## Problem to work on
After removing every image, reproduce the data exactly as it appears.

## Supplied information

== == ==

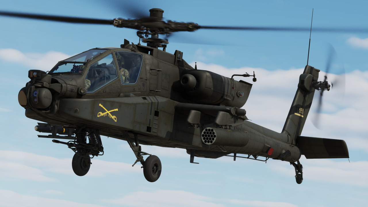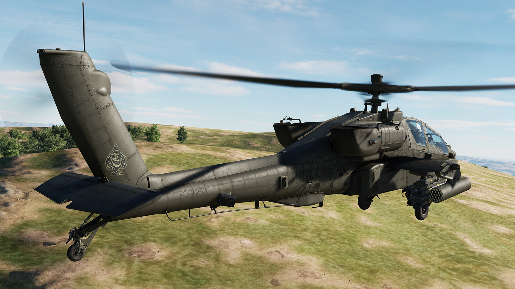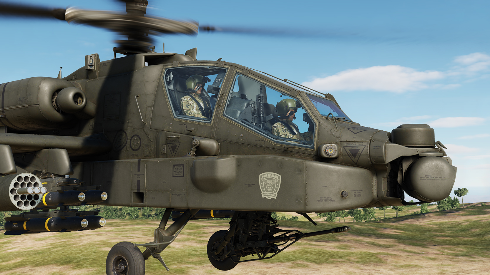 A generic AH-64D from A Co. 1-101st CAB. The pilot and CPG are wearing OCPs instead of the default ACU pattern and have 101st Airborne Patches on both sleeves denoting unit of current assigment and "combat patch". 1-101 Decals are semi-glossy as they are IRL and the tail "spectre" is subdued and has a spraypainted appearance.
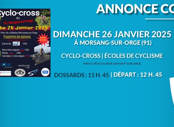 CYCLO-CROSSSouvenir Christelle BredardCatégories : U7, U9, U11, U13Dossards : 10:30 Mairie de Dourdan Esplanade Jean Moulin DOURDANHeure…
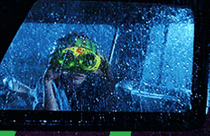 Seriously, these people can’t find better objects to hide around? That iconic scene from Jurassic Park, in which the kids fail to hide in the car after it flips and spins and falls down a cliff, should have taught these people something, right?

== == ==

## Answer box
 A generic AH-64D from A Co. 1-101st CAB. The pilot and CPG are wearing OCPs instead of the default ACU pattern and have 101st Airborne Patches on both sleeves denoting unit of current assigment and "combat patch". 1-101 Decals are semi-glossy as they are IRL and the tail "spectre" is subdued and has a spraypainted appearance.
 CYCLO-CROSSSouvenir Christelle BredardCatégories : U7, U9, U11, U13Dossards : 10:30 Mairie de Dourdan Esplanade Jean Moulin DOURDANHeure…
 Seriously, these people can’t find better objects to hide around? That iconic scene from Jurassic Park, in which the kids fail to hide in the car after it flips and spins and falls down a cliff, should have taught these people something, right?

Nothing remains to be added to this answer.